● Provided information
========

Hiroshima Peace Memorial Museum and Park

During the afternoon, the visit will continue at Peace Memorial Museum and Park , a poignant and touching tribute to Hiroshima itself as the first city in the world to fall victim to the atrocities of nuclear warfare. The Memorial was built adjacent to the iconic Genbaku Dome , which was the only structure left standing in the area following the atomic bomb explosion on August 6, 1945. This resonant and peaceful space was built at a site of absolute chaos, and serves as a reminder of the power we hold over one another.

========

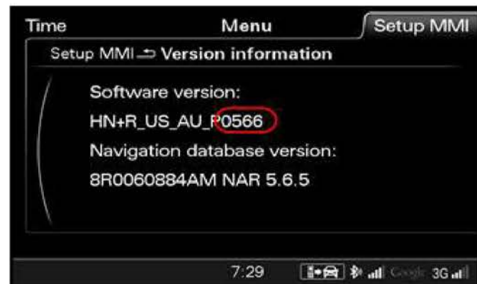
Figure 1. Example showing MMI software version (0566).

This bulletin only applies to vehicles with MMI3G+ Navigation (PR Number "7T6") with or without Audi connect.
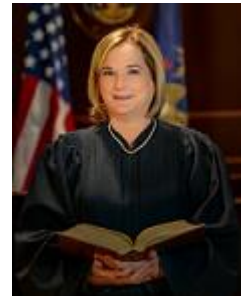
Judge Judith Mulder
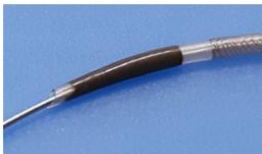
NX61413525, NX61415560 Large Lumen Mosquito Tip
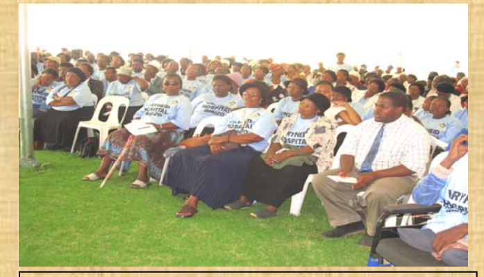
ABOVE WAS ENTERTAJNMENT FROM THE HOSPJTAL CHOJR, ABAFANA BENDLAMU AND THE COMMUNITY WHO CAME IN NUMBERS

========

● Exercise
Using the records above, print exactly the lines between the ones containing "This bulletin only" and "ABOVE WAS ENTERTAJNMENT", inclusive, and nothing else; no pictures.

● Solution
This bulletin only applies to vehicles with MMI3G+ Navigation (PR Number "7T6") with or without Audi connect.
Judge Judith Mulder
NX61413525, NX61415560 Large Lumen Mosquito Tip
ABOVE WAS ENTERTAJNMENT FROM THE HOSPJTAL CHOJR, ABAFANA BENDLAMU AND THE COMMUNITY WHO CAME IN NUMBERS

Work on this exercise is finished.